Sizing Guidelines
Storage, CPU, and memory estimates for BizFirst Observe deployments. Use these as starting points — actual consumption depends on workflow complexity, log verbosity level, trace sampling rate, and metric cardinality.
Log Volume Estimation (Loki)
Log volume is the dominant storage cost in most BizFirstGO deployments. The primary driver is the number of node executions per day, since each node produces structured log entries at start, end, and on any exception.
| Scenario | Executions/Day | Avg Nodes/Workflow | Log Volume/Day | 30-Day Storage |
|---|---|---|---|---|
| Development | 100 | 5 | ~500 MB | ~15 GB |
| Small production | 1,000 | 8 | ~4 GB | ~120 GB |
| Medium production | 10,000 | 10 | ~40 GB | ~1.2 TB |
| Large production | 100,000 | 12 | ~400 GB | ~12 TB |
Loki compresses log chunks with Snappy compression. JSON-structured logs from BizFirstGO typically achieve 5–8x compression. The storage figures above are after compression. Raw log volume before compression is approximately 5–8x higher.

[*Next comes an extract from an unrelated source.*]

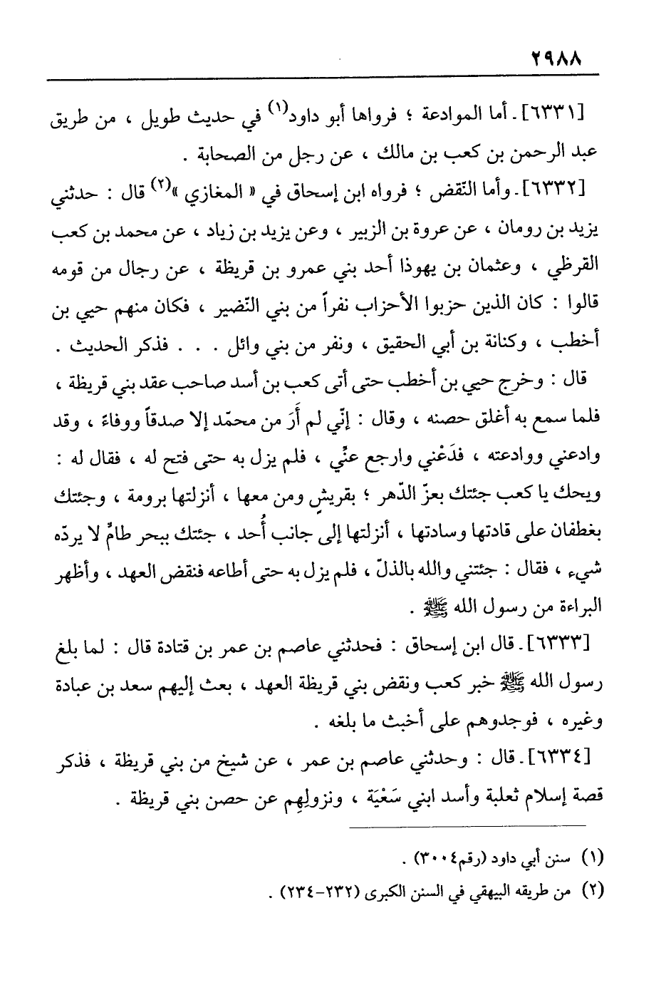 [6332]- وأما النّقض؛ فرواه ابن إسحاق في "المغازي" (¬2) قال: حدثني يزيد بن رومان، عن عروة بن الزبير، وعن يزيد بن زياد، عن محمَّد بن كعب القرظي، وعثمان بن يهوذا أحد بني عمرو بن قريظة، عن رجال من قومه قالوا: كان الذين حزبوا الأحزاب نفرًا من بني النضير، فكان منهم حيي بن أخطب، وكنانة بن أبي الحقيق، ونفر من بني وائل ... فذكر الحديث.

Metric Storage Estimation (Prometheus)
Prometheus storage is driven by metric cardinality — the total number of unique time series (metric name + label combinations). BizFirstGO's default metric set is moderate cardinality.

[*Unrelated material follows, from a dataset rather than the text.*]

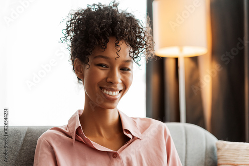 happy, smiling, woman, home, portrait, living room, lifestyle, african american, beautiful, natural, day, happiness, weekend, couch, soft focus, peace, morning, leisure, mental health, young adult, well-being, joy, relaxation, natural light, contentment, authentic, break, casual attire, shopping, sale, store, advertisement, cheerful, comfort, cosy, dental, domestic life, interior, indoor, one person, relaxing, serenity, calmness

| Metric Family | Series Count (estimate) | Note |
|---|---|---|
bizfirst_workflow_executions_total | N_tenants × 3 statuses | 3 per tenant |
bizfirst_node_execution_duration_seconds | N_tenants × N_node_types × 12 histogram buckets | ~120 per tenant with 10 node types |
bizfirst_hil_pending_count | N_tenants | 1 per tenant |
| Infrastructure (Node Exporter) | ~800 per host | Fixed overhead |
| Infrastructure (cAdvisor) | ~200 per container | Scales with container count |
Prometheus requires approximately 2 bytes per sample on disk. At 15-second scrape interval, each series generates 5,760 samples/day. For 10,000 series and 90-day retention:
10,000 series × 5,760 samples/day × 90 days × 2 bytes = ~10 GB
Trace Storage Estimation (Tempo)
Trace storage is driven by trace volume and average span size. Tempo compresses trace data efficiently using Parquet format.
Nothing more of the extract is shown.